──────── Exercise material

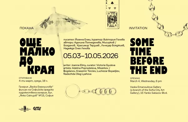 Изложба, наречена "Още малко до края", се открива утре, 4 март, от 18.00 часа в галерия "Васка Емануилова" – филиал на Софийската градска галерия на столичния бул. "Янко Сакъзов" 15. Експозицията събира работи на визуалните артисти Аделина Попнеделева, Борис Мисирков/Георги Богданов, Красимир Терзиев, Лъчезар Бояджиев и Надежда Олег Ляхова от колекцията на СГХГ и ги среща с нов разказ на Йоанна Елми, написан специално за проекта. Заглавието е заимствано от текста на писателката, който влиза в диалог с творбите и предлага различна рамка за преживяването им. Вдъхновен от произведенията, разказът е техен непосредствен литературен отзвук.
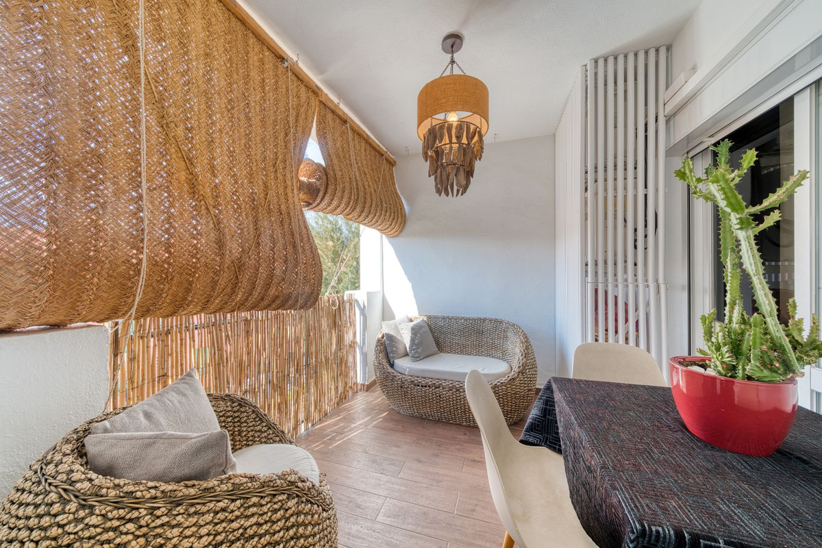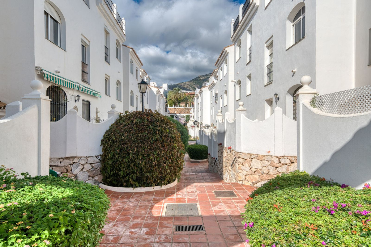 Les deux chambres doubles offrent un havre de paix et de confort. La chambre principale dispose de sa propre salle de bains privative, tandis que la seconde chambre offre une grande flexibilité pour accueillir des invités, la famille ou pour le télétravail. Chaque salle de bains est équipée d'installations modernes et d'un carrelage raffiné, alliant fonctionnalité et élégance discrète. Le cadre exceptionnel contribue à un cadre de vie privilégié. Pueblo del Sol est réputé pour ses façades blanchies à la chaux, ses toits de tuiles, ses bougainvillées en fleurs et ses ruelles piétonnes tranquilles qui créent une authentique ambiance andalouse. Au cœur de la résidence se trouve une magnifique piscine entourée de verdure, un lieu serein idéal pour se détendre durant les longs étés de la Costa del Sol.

────────────────
──────── Exercise material

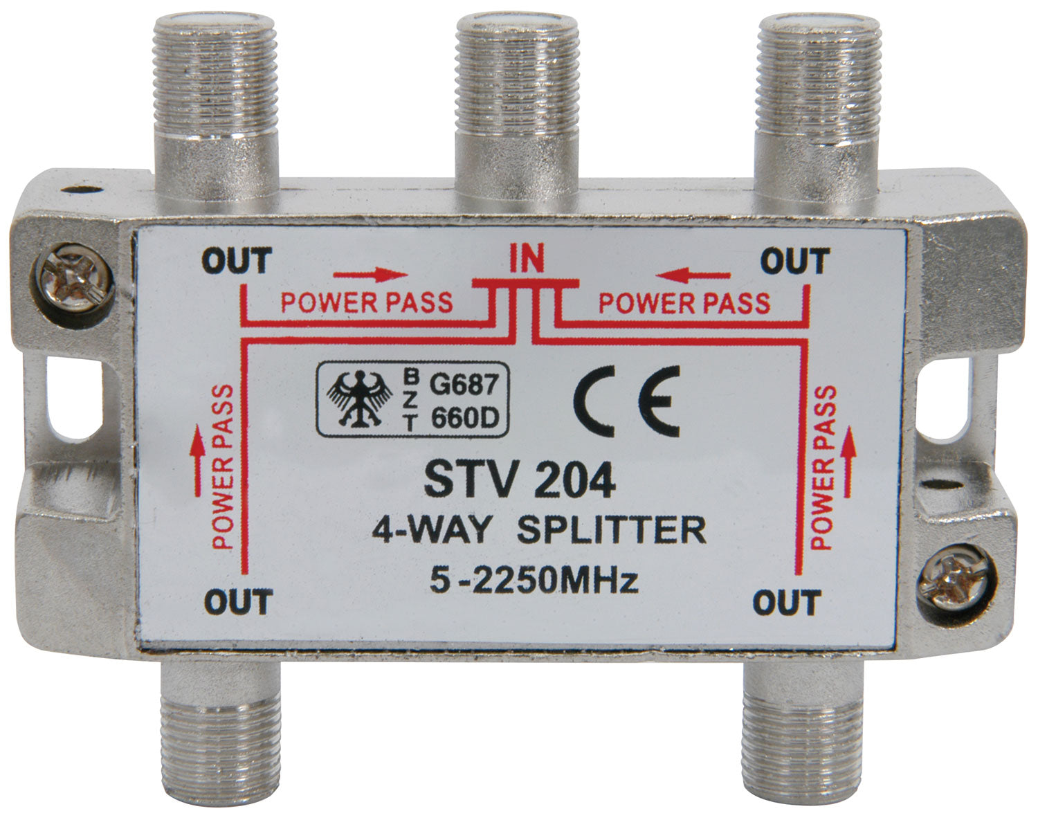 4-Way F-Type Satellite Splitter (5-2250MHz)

────────────────

§ **Aim of the task**: From the records above, quote word for word only the lines beginning at the line that has "непосредствен литературен отзвук." and stopping after the line that has "Les deux chambres". Omit the pictures.

§ **Answer box**:
 Изложба, наречена "Още малко до края", се открива утре, 4 март, от 18.00 часа в галерия "Васка Емануилова" – филиал на Софийската градска галерия на столичния бул. "Янко Сакъзов" 15. Експозицията събира работи на визуалните артисти Аделина Попнеделева, Борис Мисирков/Георги Богданов, Красимир Терзиев, Лъчезар Бояджиев и Надежда Олег Ляхова от колекцията на СГХГ и ги среща с нов разказ на Йоанна Елми, написан специално за проекта. Заглавието е заимствано от текста на писателката, който влиза в диалог с творбите и предлага различна рамка за преживяването им. Вдъхновен от произведенията, разказът е техен непосредствен литературен отзвук.
 Les deux chambres doubles offrent un havre de paix et de confort. La chambre principale dispose de sa propre salle de bains privative, tandis que la seconde chambre offre une grande flexibilité pour accueillir des invités, la famille ou pour le télétravail. Chaque salle de bains est équipée d'installations modernes et d'un carrelage raffiné, alliant fonctionnalité et élégance discrète. Le cadre exceptionnel contribue à un cadre de vie privilégié. Pueblo del Sol est réputé pour ses façades blanchies à la chaux, ses toits de tuiles, ses bougainvillées en fleurs et ses ruelles piétonnes tranquilles qui créent une authentique ambiance andalouse. Au cœur de la résidence se trouve une magnifique piscine entourée de verdure, un lieu serein idéal pour se détendre durant les longs étés de la Costa del Sol.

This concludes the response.